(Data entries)
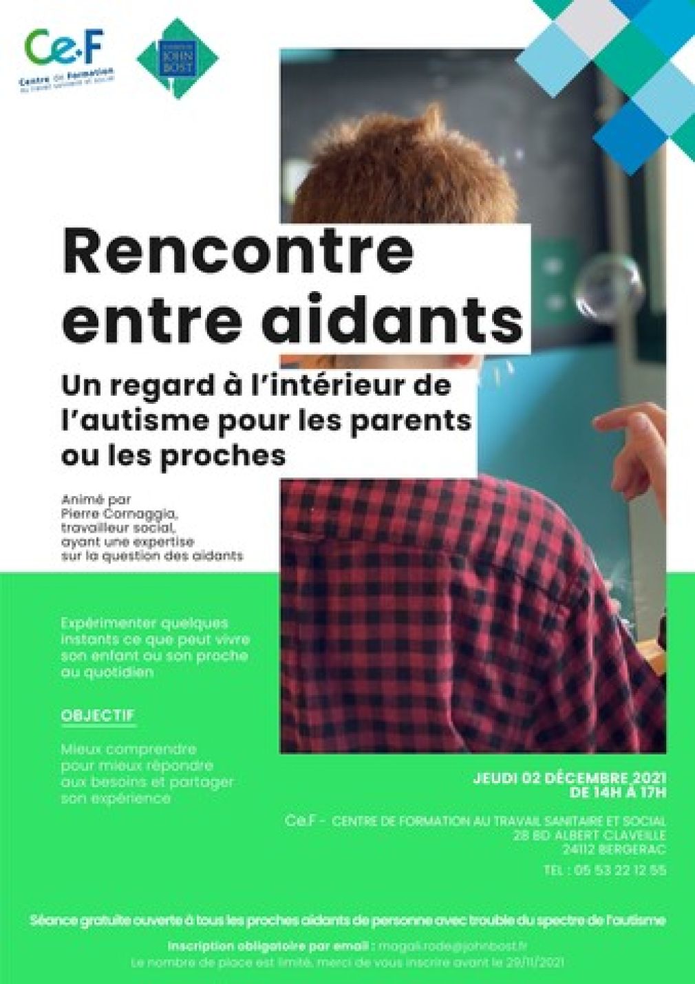 Le Centre de Formation de la Fondation John Bost a le plaisir de convier les proches-aidants de personnes porteuses d’autisme à participer à cette rencontre gratuite. Il propose ainsi un espace d’informations, d’échanges, d’écoute et de partage d’expériences aux proches aidants.
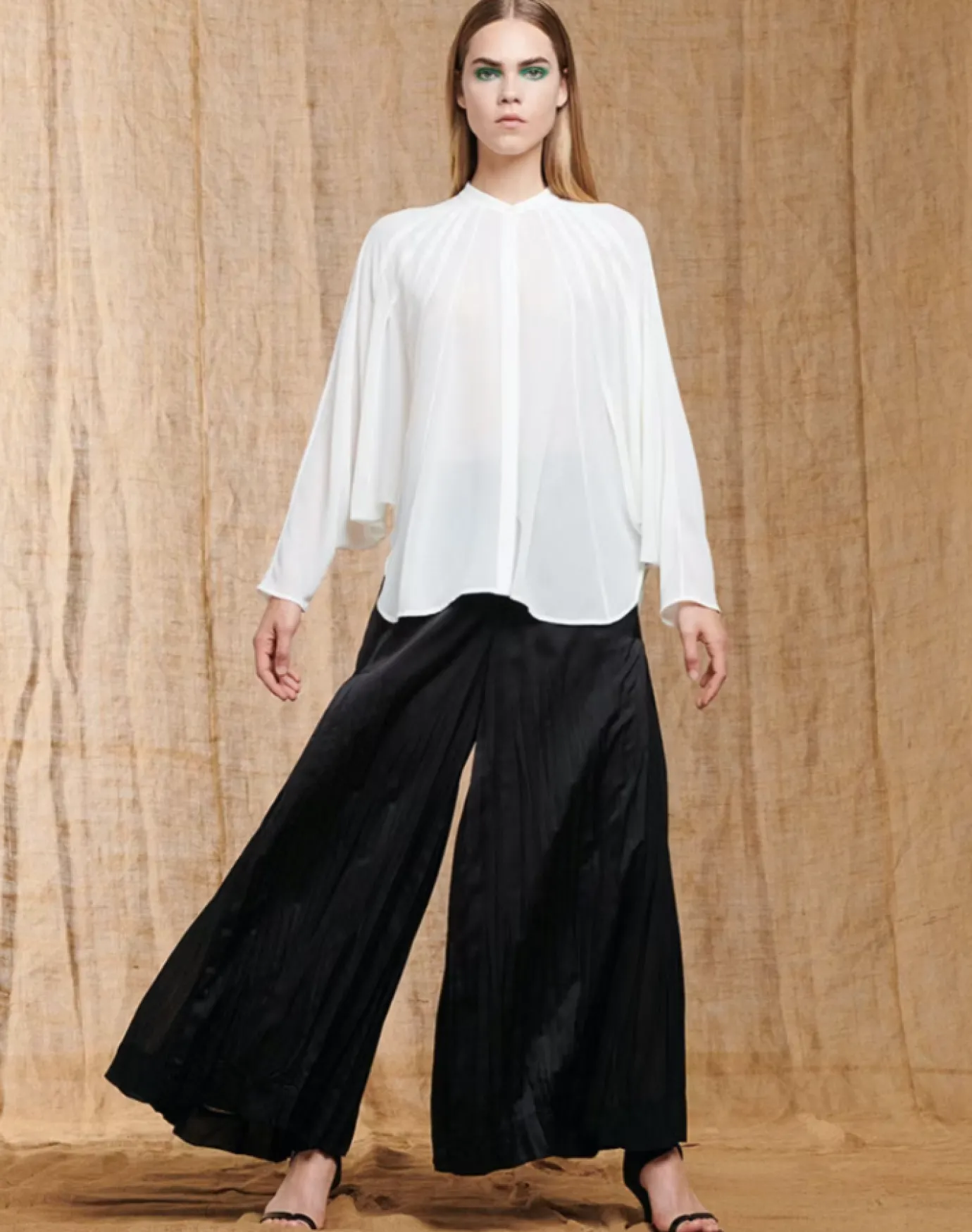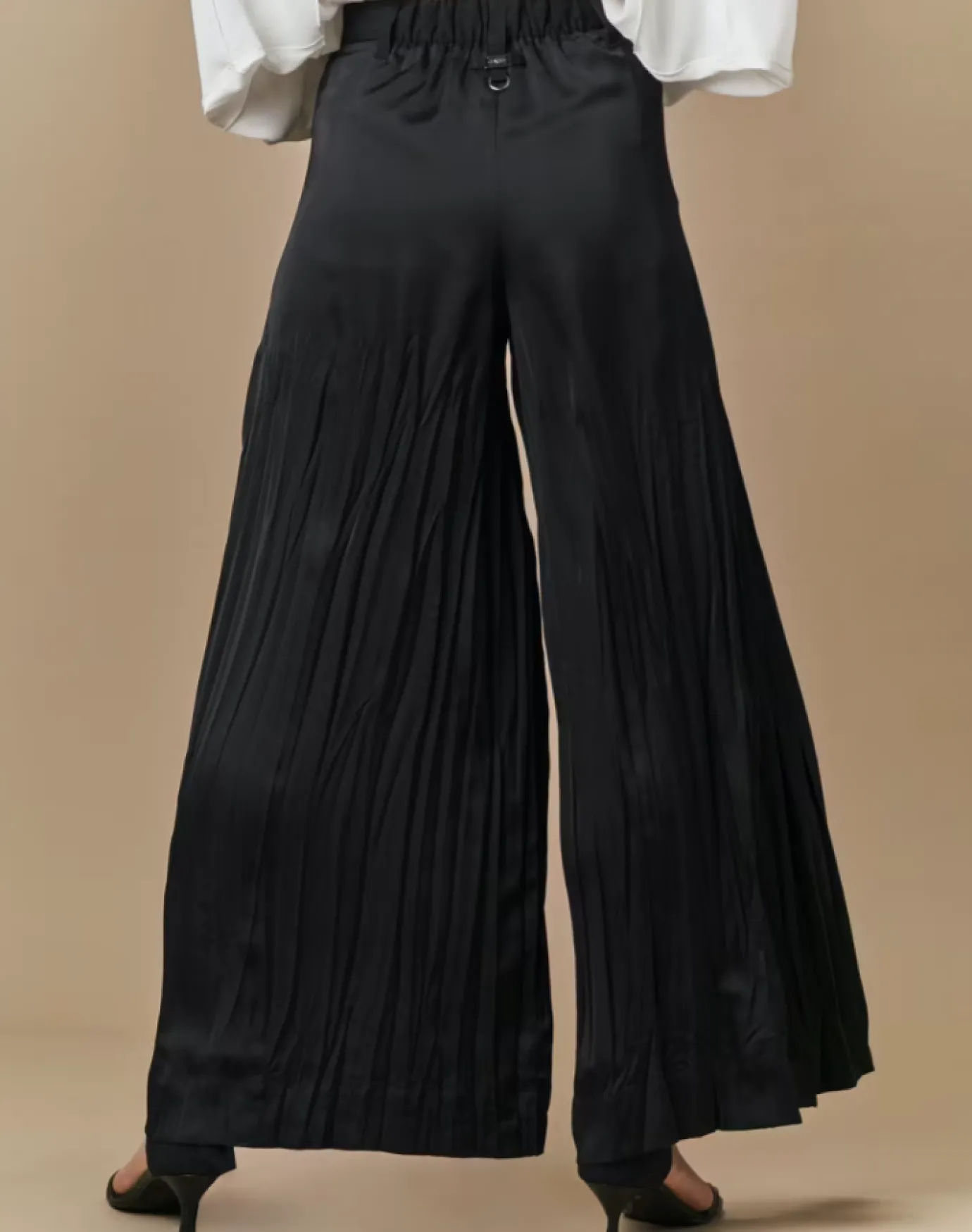 Palazzo style pants in technical satin and georgette with fixed single button waistband and tape belt loops over a fly front fastened with a silver metal zip. Flat fronts have curved entry hip pockets and extend into very wide legs with pre-creased multi-pleating creating fullness down to the hem. Sides have wide godets of semi-sheer pleated georgette which adds volume to the leg. Reverse is plain. Very wide legs in satin and georgette finish in a wide hem.
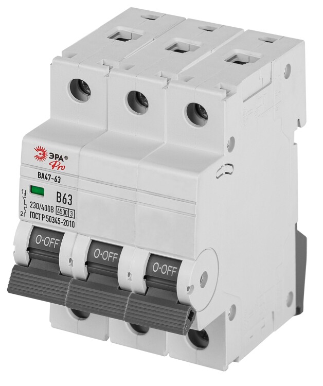 ЭРА Автоматический выключатель PRO VA63-3P10C4.5 ВА47-63 3P 10А кривая C 4,5кА
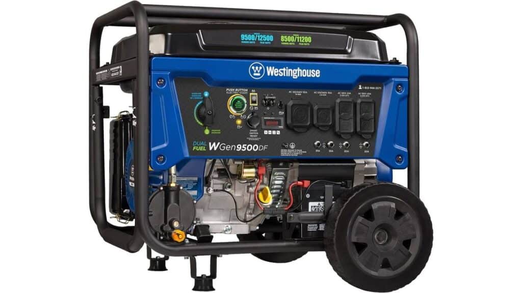 The first best generator on our list is the powerhouse Westinghouse 12500W. It packs reliable power and adaptability into a single unit. Plus, it can comfortably run your essentials for hours during a blackout, and the dual-fuel option lets you seamlessly switch to propane if your gas tank runs low.
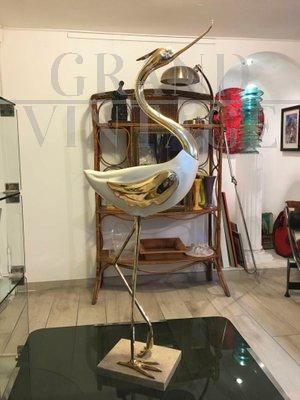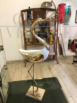 Lacquered wood and gilt bronze heron sculpture by Antonio Pavia, 1970s
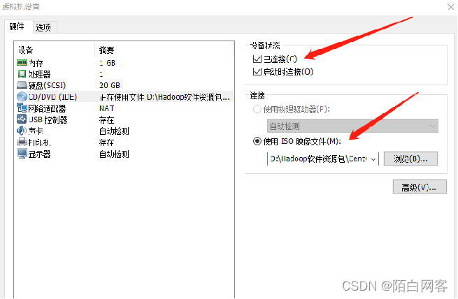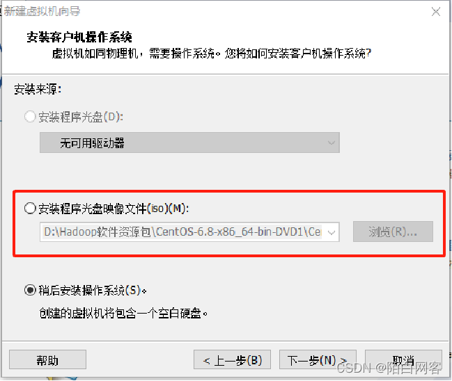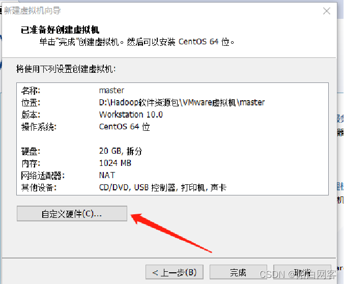 点击这里的自定义硬件,选择第三个,然后选择iso使用映像文件来创建这个虚拟机。点击关闭,然后点击完成。就完成master虚拟机的设置了。

EXERCISE: Reproduce only the lines of the records from the start up to and including the line that holds "ЭРА Автоматический выключатель"; do not carry over any picture.

EXERCISE ANSWER:
 Le Centre de Formation de la Fondation John Bost a le plaisir de convier les proches-aidants de personnes porteuses d’autisme à participer à cette rencontre gratuite. Il propose ainsi un espace d’informations, d’échanges, d’écoute et de partage d’expériences aux proches aidants.
 Palazzo style pants in technical satin and georgette with fixed single button waistband and tape belt loops over a fly front fastened with a silver metal zip. Flat fronts have curved entry hip pockets and extend into very wide legs with pre-creased multi-pleating creating fullness down to the hem. Sides have wide godets of semi-sheer pleated georgette which adds volume to the leg. Reverse is plain. Very wide legs in satin and georgette finish in a wide hem.
 ЭРА Автоматический выключатель PRO VA63-3P10C4.5 ВА47-63 3P 10А кривая C 4,5кА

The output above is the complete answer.